[STORED DATA]
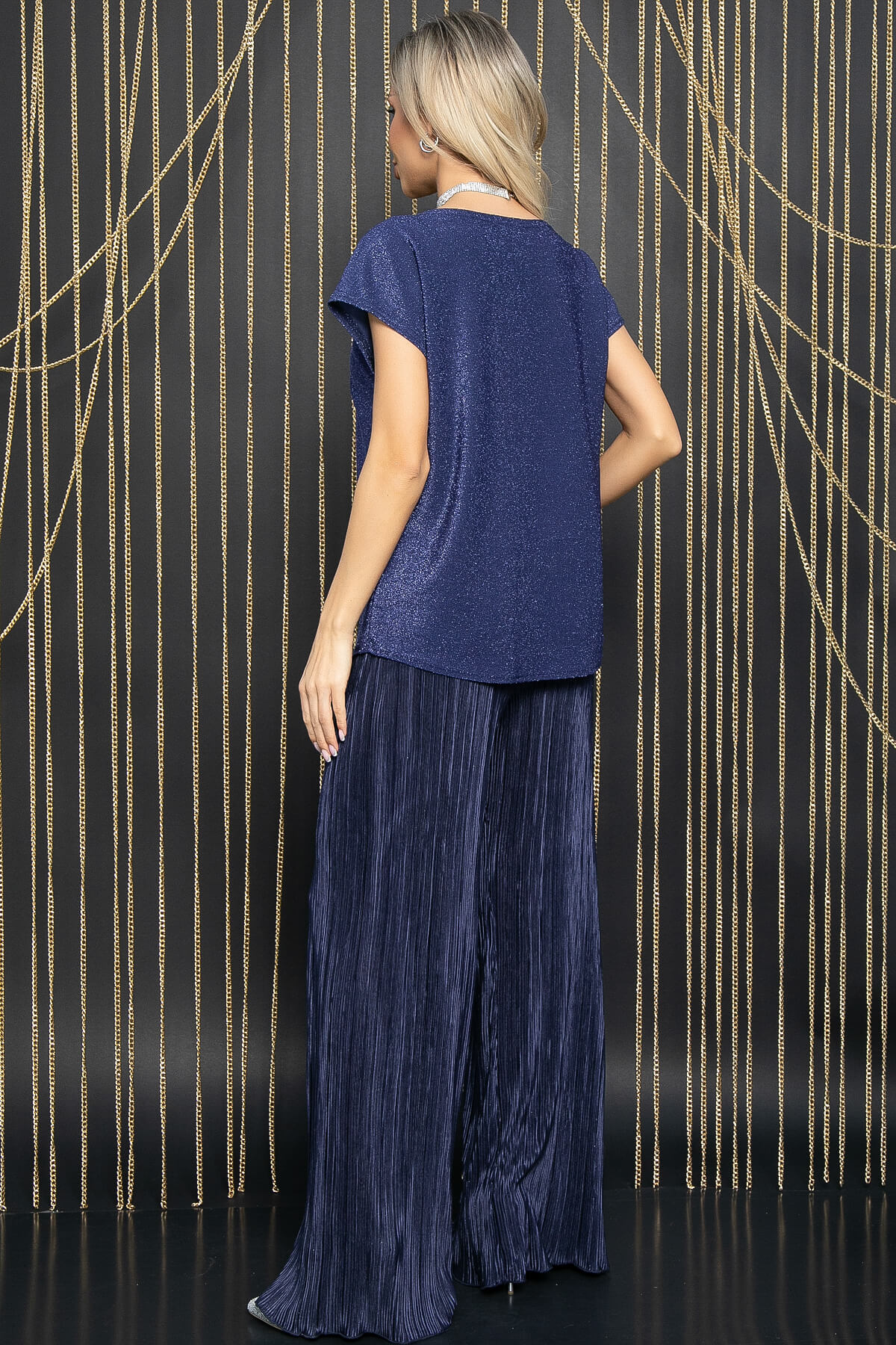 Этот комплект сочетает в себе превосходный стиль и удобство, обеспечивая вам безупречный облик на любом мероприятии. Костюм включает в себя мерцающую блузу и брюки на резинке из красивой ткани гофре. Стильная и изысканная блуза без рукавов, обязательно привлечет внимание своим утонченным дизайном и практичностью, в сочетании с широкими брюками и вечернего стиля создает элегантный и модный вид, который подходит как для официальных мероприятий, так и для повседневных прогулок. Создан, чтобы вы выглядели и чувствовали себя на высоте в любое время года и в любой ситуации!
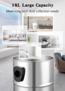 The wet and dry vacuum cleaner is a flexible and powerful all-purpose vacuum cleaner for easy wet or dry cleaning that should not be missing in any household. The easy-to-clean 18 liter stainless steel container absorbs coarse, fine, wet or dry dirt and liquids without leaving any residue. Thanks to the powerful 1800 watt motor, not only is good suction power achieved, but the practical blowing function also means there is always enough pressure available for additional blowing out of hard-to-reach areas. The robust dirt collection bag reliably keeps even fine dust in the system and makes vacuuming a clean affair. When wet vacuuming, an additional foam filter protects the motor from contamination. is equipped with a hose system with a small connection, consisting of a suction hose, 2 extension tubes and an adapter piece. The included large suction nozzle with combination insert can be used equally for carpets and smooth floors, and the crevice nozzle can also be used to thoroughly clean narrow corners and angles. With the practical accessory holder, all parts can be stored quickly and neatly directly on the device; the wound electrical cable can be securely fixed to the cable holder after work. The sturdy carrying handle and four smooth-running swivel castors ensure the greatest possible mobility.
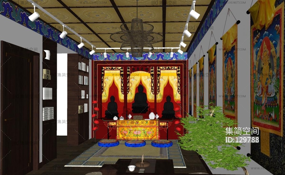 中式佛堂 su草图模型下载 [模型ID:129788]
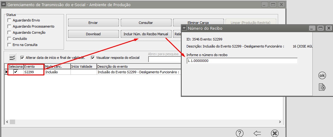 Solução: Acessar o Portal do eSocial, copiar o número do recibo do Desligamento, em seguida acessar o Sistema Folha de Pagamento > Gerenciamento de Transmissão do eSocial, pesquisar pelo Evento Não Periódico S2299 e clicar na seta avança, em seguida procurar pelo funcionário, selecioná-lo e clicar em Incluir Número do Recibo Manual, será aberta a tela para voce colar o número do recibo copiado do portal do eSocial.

[TASK TO CARRY OUT]
Give back the listing exactly, without a single picture.

[WRITTEN REPLY]
 Этот комплект сочетает в себе превосходный стиль и удобство, обеспечивая вам безупречный облик на любом мероприятии. Костюм включает в себя мерцающую блузу и брюки на резинке из красивой ткани гофре. Стильная и изысканная блуза без рукавов, обязательно привлечет внимание своим утонченным дизайном и практичностью, в сочетании с широкими брюками и вечернего стиля создает элегантный и модный вид, который подходит как для официальных мероприятий, так и для повседневных прогулок. Создан, чтобы вы выглядели и чувствовали себя на высоте в любое время года и в любой ситуации!
 The wet and dry vacuum cleaner is a flexible and powerful all-purpose vacuum cleaner for easy wet or dry cleaning that should not be missing in any household. The easy-to-clean 18 liter stainless steel container absorbs coarse, fine, wet or dry dirt and liquids without leaving any residue. Thanks to the powerful 1800 watt motor, not only is good suction power achieved, but the practical blowing function also means there is always enough pressure available for additional blowing out of hard-to-reach areas. The robust dirt collection bag reliably keeps even fine dust in the system and makes vacuuming a clean affair. When wet vacuuming, an additional foam filter protects the motor from contamination. is equipped with a hose system with a small connection, consisting of a suction hose, 2 extension tubes and an adapter piece. The included large suction nozzle with combination insert can be used equally for carpets and smooth floors, and the crevice nozzle can also be used to thoroughly clean narrow corners and angles. With the practical accessory holder, all parts can be stored quickly and neatly directly on the device; the wound electrical cable can be securely fixed to the cable holder after work. The sturdy carrying handle and four smooth-running swivel castors ensure the greatest possible mobility.
 中式佛堂 su草图模型下载 [模型ID:129788]
 Solução: Acessar o Portal do eSocial, copiar o número do recibo do Desligamento, em seguida acessar o Sistema Folha de Pagamento > Gerenciamento de Transmissão do eSocial, pesquisar pelo Evento Não Periódico S2299 e clicar na seta avança, em seguida procurar pelo funcionário, selecioná-lo e clicar em Incluir Número do Recibo Manual, será aberta a tela para voce colar o número do recibo copiado do portal do eSocial.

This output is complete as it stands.